The problem with FMV laws like those passed in New Jersey, Pennsylvania, and other states is that they price public systems out of the market and severely limit public solutions. In the Limerick, PA transaction mentioned above, Aqua’s bid was 43 percent higher than the bid of the next highest bidder, a government-run system, the Bucks County Water and Sewer Authority (Clark, 2018).
Pennsylvania’s FMV law, enacted in 2016, is making rates less affordable and will continue to do so (McCloskey, 2021). There is no reason to think FMV laws will do otherwise elsewhere. Turning public goods into vehicles for private profit is bad public policy. Civic engagement and democracy need to be supported, not undermined. We should be doing our utmost to protect affordable water and sewer service. The role of regulators should be protected, too. There are ways to do that.

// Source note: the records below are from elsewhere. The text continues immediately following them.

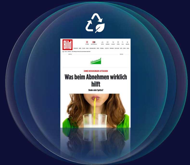
BILD Brand Story

The Refresh Story is an environmentally friendly and effective marketing strategy with reusable content ideas . Your message stays relevant, your ecological footprint stays small!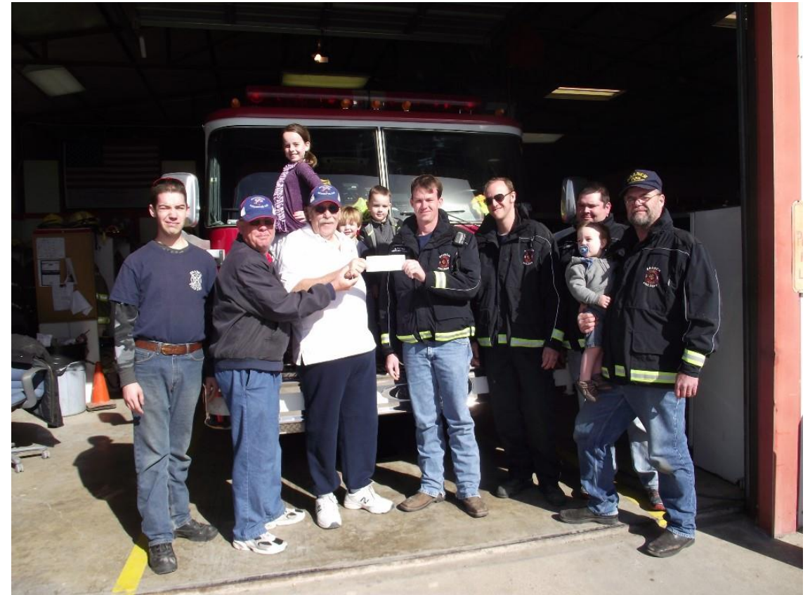
Branch Fire Department Donation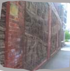
Town Hall Mural (See Waymarker 6)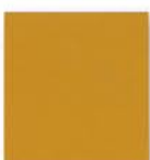
TIGER Drylac® 59/20360 New Cat Yellow 45±5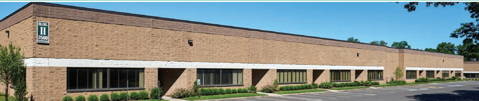
KBC II, 2500 PEARL BUCK ROAD, BRISTOL TOWNSHIP, BUCKS COUNTY, PA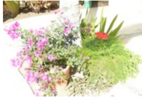
New flower pots are in place, it seems the roots of the palm trees smother plants, pots are a good choice.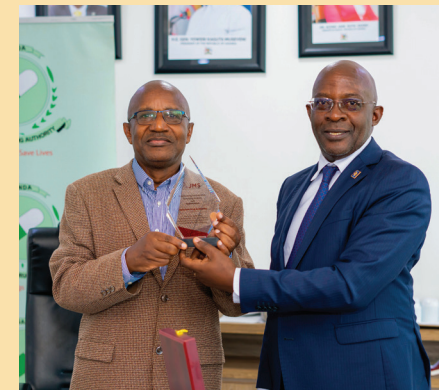
Strengthening Health Partnerships Together: Highlights from recent partnership visits with some of our valued collaborators. Front row (left to right): UNBS, Uganda Healthcare Federation, and TASO. Second row (left to right): Population Services International (PSI), Nsambya Hospital National Drug Authority (NDA).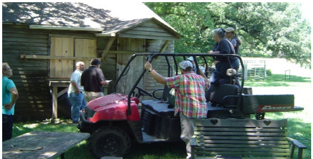
Whiterock Property Tour and Trail Study

To assist with formalizing a basic visitor infrastructure plan which will help refine trails plans and improve the trail concept map. Provide design concept plans for an outdoor learning with nature classroom. Assist in identifying potential funding sources, assist in ground-truthing the concept design plan and final trail plans, and provide technical expertise in multi-use sustainable design. Also, after construction is complete, assist in developing a monitoring and research program, conduct feasibility studies, and develop plans for additional visitor amenities.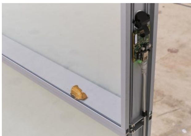
It folds until it breaks, it mirrors until it is whole, 2025 halve vlinder, glaspanelen, camera, LCD scherm, 180 x 180 cm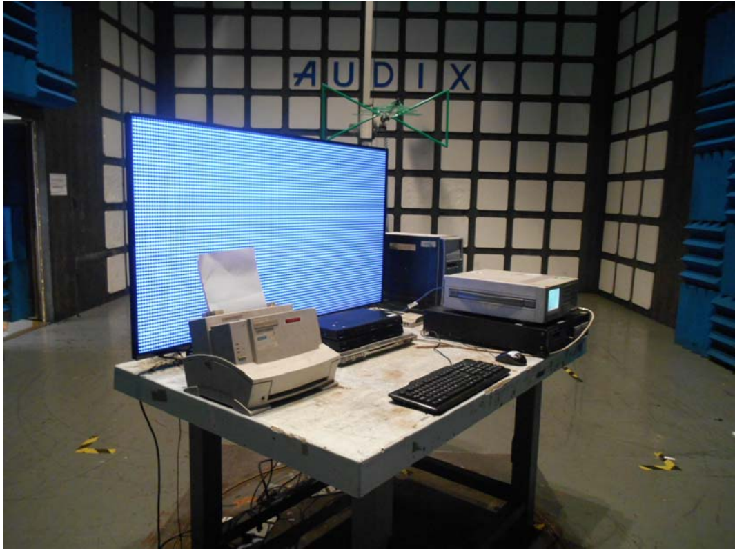
SETUP WITH MAXIMUM DETECTED EMISSION AT HORIZONTAL POLARIZATION (TEST MODE: USB PLAY)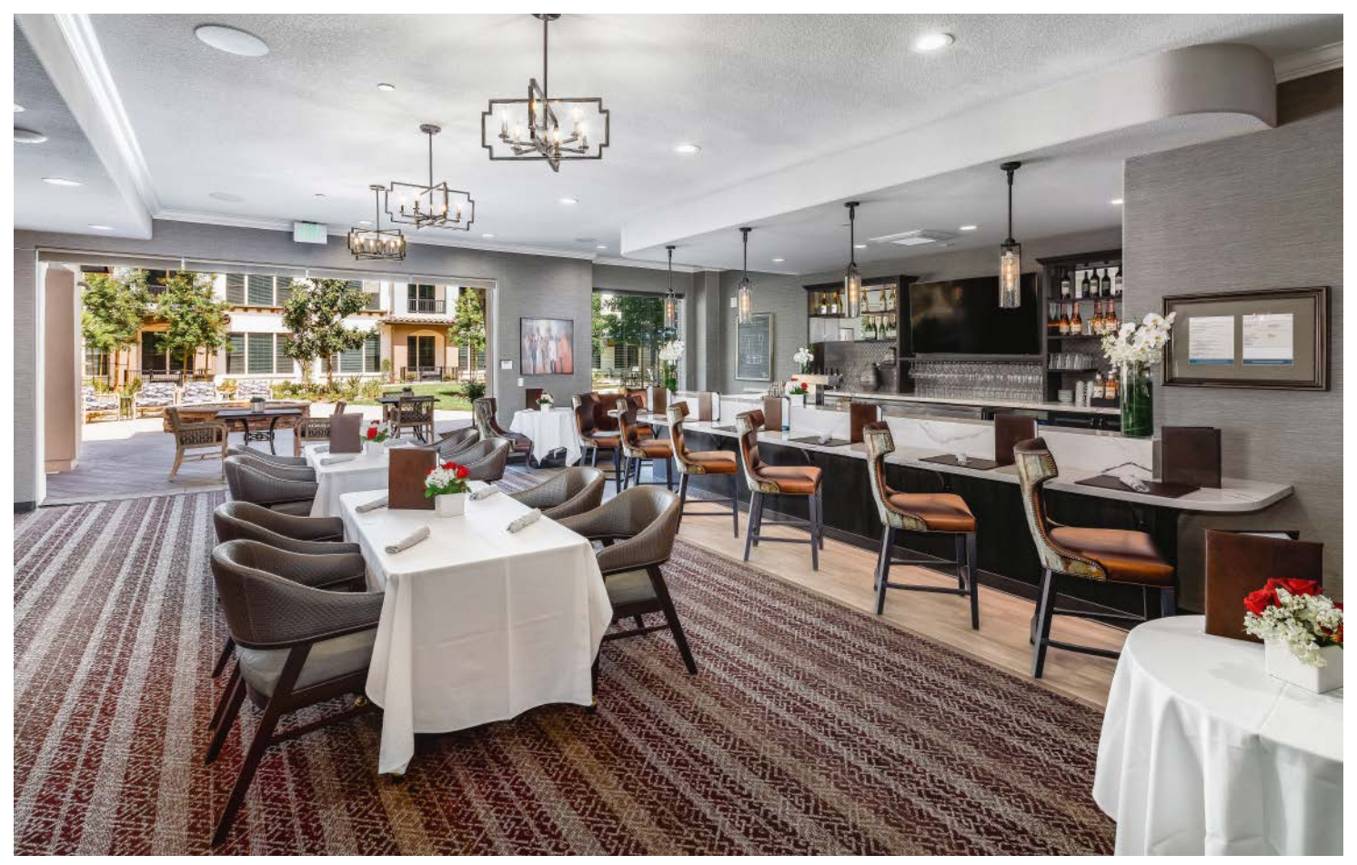
BAR & LOUNGE AT SANTIANNA - CARLSBAD, CA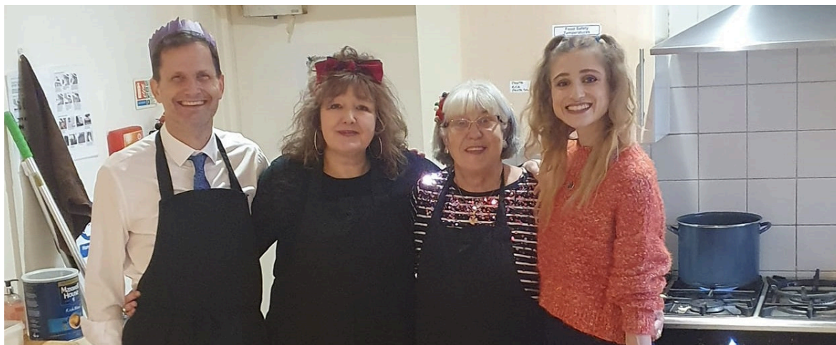
Our amazing volunteers preparing Christmas dinner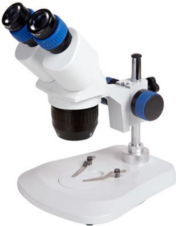
A22.1237-P Pole Stand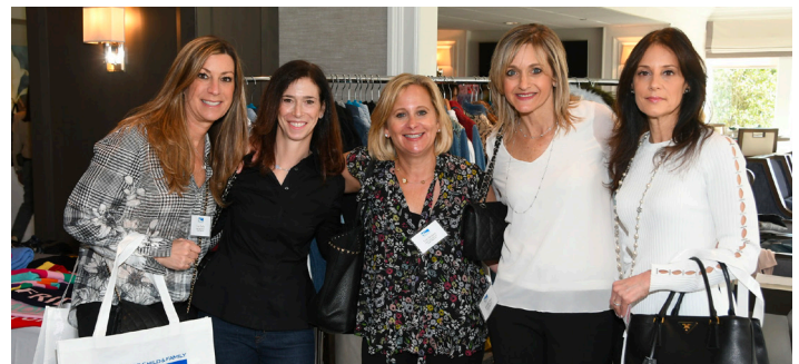
Shoppers visiting the boutiques.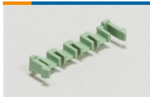
PCB Latches, Locks &amp; Retainers(2)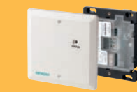
Input/output module FDCIO422 – 4 inputs, 4 outputs – Class A and B wiring Order no.: S54322-F4-A1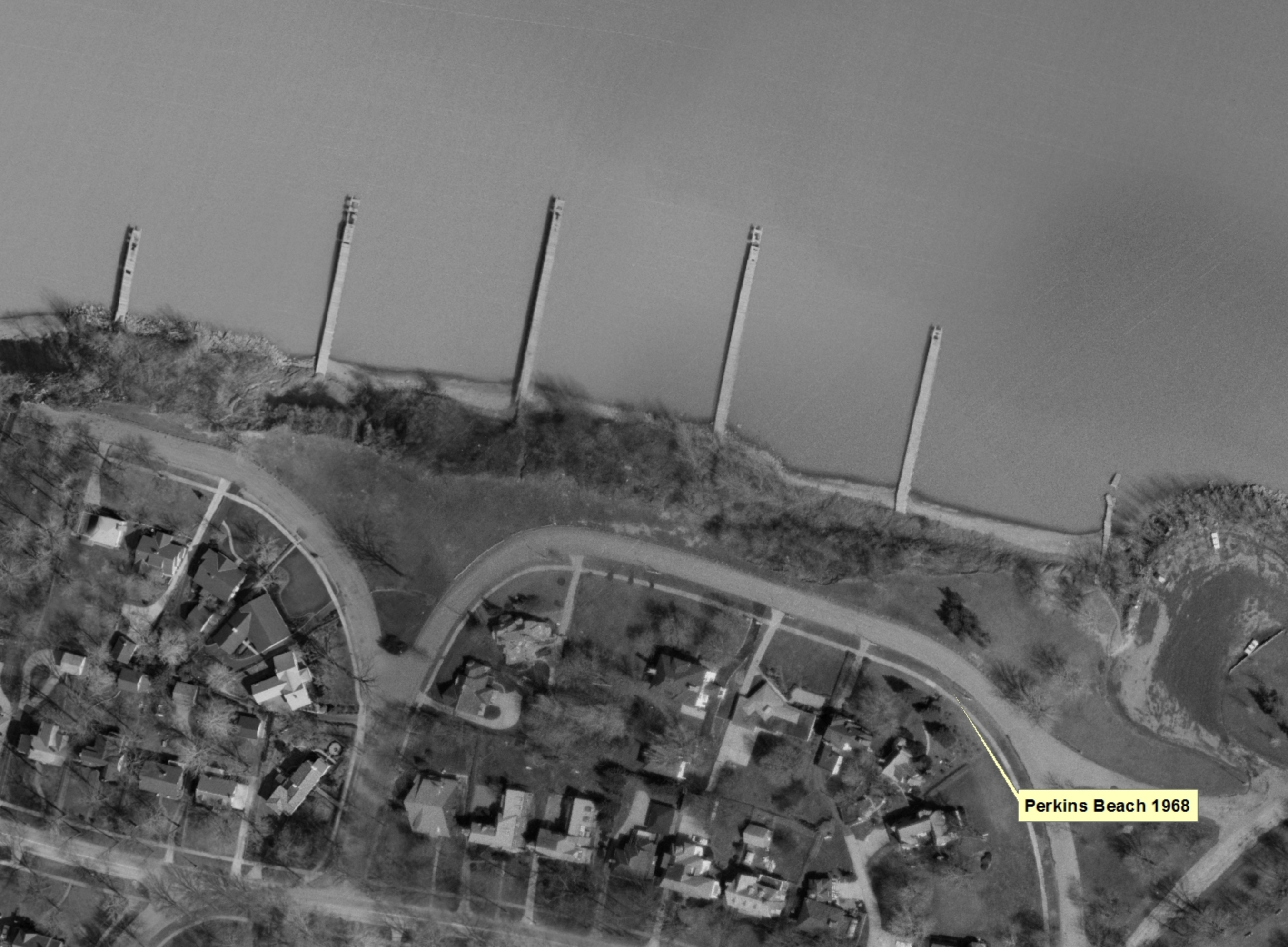
Perkins Beach 1968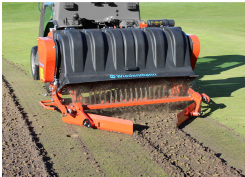
Swath board When using coring tines on the TERRA SPIKE® SL, the cores can automatically be aligned in the swath by means of the optional swath board. This considerably facilitates the subsequent take-up of the cores.

The high productivity of the TERRA SPIKE® SL will also convince you.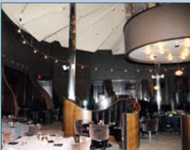
Cullen's Upscale American Grille Houston, TX

First, in the event that a governing body is considering selling or leasing a system, it should be required to do so with appropriate public input, including public hearings, public comment periods, and putting the question on the ballot. Laws limiting public input should be resisted, and those already in place should be repealed. Likewise, FMV laws inflating the valuation of systems should be reversed. These laws limit a community’s options and heavily favor deep-pocketed corporation giants like American Water and Essential Utilities and their state subsidiaries.
Second, public utility commissions should not yield their traditional ratemaking powers by adopting “infrastructure mechanisms” and should roll back the rules already adopted. In order to avoid the appearance of favoring the very corporations they regulate, public utility commissioners should not actively advocate for privatization (Sol Warren, 2019). One of the reasons for traditional ratemaking processes is to provide reasonable notice and predictability regarding periodic rate increases.
Finally, water “Bill of Rights” (McGarry, ND) rules and legislation should be strengthened and more widely adopted to increase ratepayer protections and protect transparency and democratic rights (ITPI, 2019). Such measures could protect people from paying for acquisition costs that do not directly benefit them. Tucson, Arizona’s city charter states that ratepayers have “the right to pay only reasonable, necessary, and directly related fees” (emphasis added). Water bills of rights could address service shut-offs, assistance for low-income customers, and worker protections. Strengthened measures could include requirements for disclosures about the full rate impact of transactions and how each ratepayer dollar is spent. They could require strong provisions to hold private companies accountable after signed deals. They could also ensure that, with rare exceptions, dollars collected from ratepayers to support infrastructure are used solely for that purpose.
In a world where water supply and quality are becoming more problematic than ever and investors are seeing increased opportunities to reap financial rewards, all ratepayers, but especially the poorest among them, need protection from excess.